On the regular expression

Source: Internet
Author: User
Tags expression engine

1. What exactly is a regular expression?

When writing a program or Web page that handles strings, there is often a need to find strings that match certain complex rules. Regular expressions are the tools used to describe these rules. In other words, the regular expression is the code that records the text rule.

It is possible that you have used the wildcard character (wildcard) for file lookup under Windows/dos, which is * and ?. If you want to find all the Word documents in a directory, you will search for *.doc. Here,* will be interpreted as an arbitrary string. Like wildcards, regular expressions are also tools for text matching, but rather than wildcards, they can describe your needs more precisely--and, of course, the cost is more complex--you can write a regular expression that looks for all 0, followed by 2-3 numbers, then a hyphen "-" and finally a 7 or 8-digit string (like 010-12345678 or 0376-7654321).

2. Getting Started

The best way to learn a regular expression is to start with an example and then modify the example yourself to experiment. Here are a few simple examples, and they are described in detail.

Suppose you look for hi in an English novel , you can use the regular expression hi.

This is almost the simplest regular expression, it can exactly match such a string: two characters, the previous character is H, the latter is I. Typically, a tool that handles regular expressions provides an option to ignore the case, and if this option is selected, it can match any of the four cases of Hi, Hi,hi,hi.

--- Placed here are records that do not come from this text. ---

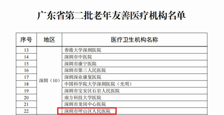 深圳新闻网2023年7月4日讯(记者 肖艺嘉 通讯员 陈辉煌 刘启程)近日,第二批广东省老年友善医疗机构名单公布,深圳市坪山区人民医院顺利通过评审,荣获“广东省老年友善医疗机构”的称号。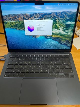 Macbook air M2 2022 Funciona perfectamente. No tiene rayadas ni golpes, pero: - El ordenador no entra en suspensión al bajar la pantalla porque le cambié la pantalla y no pude ponerle el sensor de la anterior. Hay que ponerlo en suspensión manualmente o apagarlo antes de bajar la pantalla. - Y tiene unas ligeras rajitas en el plástico de la parte inferior de la pantalla. Mirar imagen. La pantalla está impecable pero mi hijo al abrirme un dia el ordenador se pasó de energía y salieron estas rajitas en el plastico que está cerca de la unión con el teclado. Lo vendo porque me he pasado al pro. Cargador original , caja original.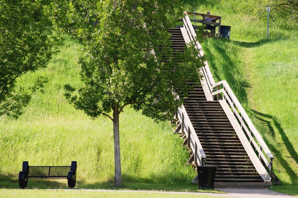 The city is flat for the most part but there are also hilly areas here and there. The riverside park has many of these wooden stairs where people could walk up and down, rest if they must, or do some cardio exercises.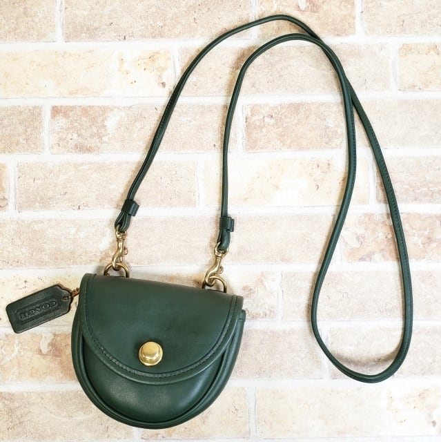 美品 オールドコーチ ☆USA製 レザー ミニ ショルダーバッグ ドイツホック グリーン ウエストバッグ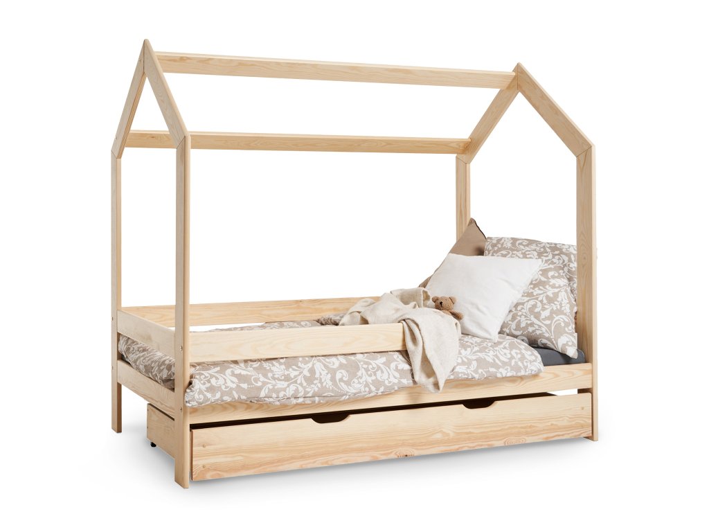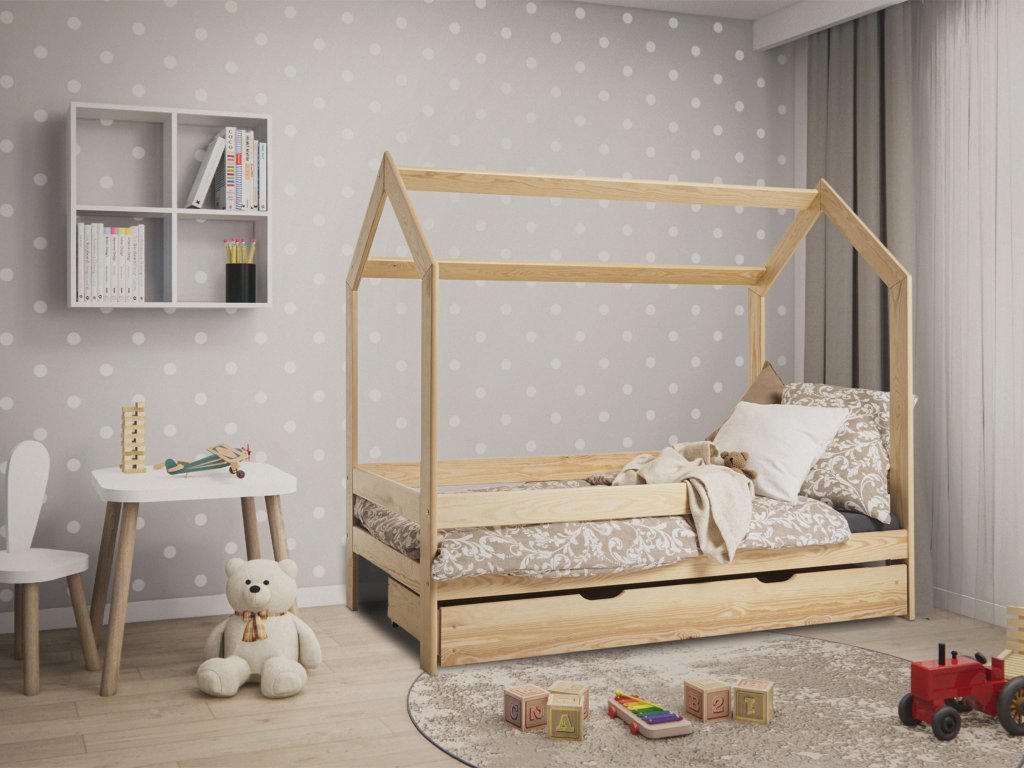 A PIETRO házikó formájú gyerekágy 80x140 cm masszív és stabil szerkezetével hívja fel magára a figyelmet, amely kiváló minőségű tömör borovi fenyőből készült natúr borovi színben. Az ágy része egy praktikus rövid leesésgátló és egy ágyneműtartó tároló fiók is, amely segít rendet tartani a gyerekszobában. Ez az ágy nemcsak alvásra szolgál, hanem teret biztosít a gyermeki fantáziának és a játéknak is. Az ágy tökéletes olyan gyerekeknek, akik már kinőtték a kiságyat, de még mindig kicsik egy nagyobb ágyhoz. Méretének köszönhetően kisebb gyerekszobákba is tökéletes.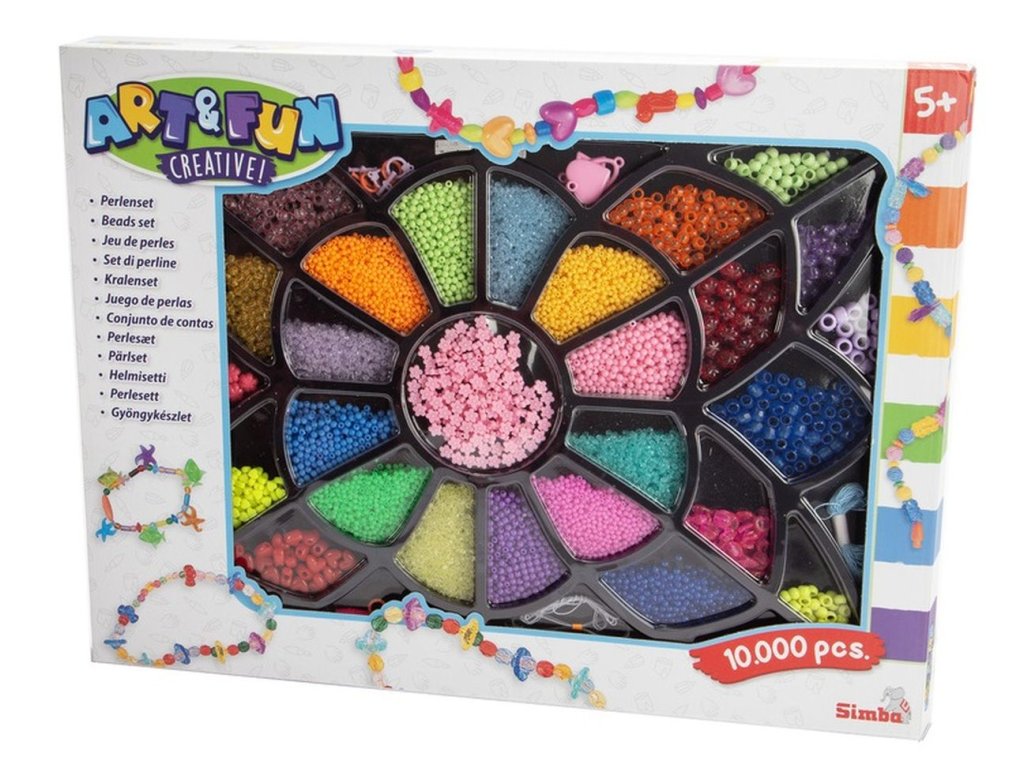 Sada korálků různých tvarů a barev v dárkovém balení. Navlékací šňůrka i spojky součástí. Obsahuje 10 000 korálků.

Unfortunately, many words contain the two consecutive characters of Hi, such as him, history, high, and so on. With hi to find, the side of the hi will be found. If we want to find the word hi exactly, we should use \bhi\b.

\b is a special code prescribed by regular expressions (well, some people call it metacharacters, metacharacter), which represents the beginning or end of a word, that is, the boundary of a word. Although English words are usually delimited by spaces, punctuation marks, or line breaks, \b does not match any of these word-delimited characters, it only matches one position .

If a more precise argument is needed,\b matches such a position: its previous character and the next one are not all (one is, one is not or does not exist)\w.

If you're looking for a hi, not far behind, follow a Lucy, you should use \bhi\b.*\blucy\b.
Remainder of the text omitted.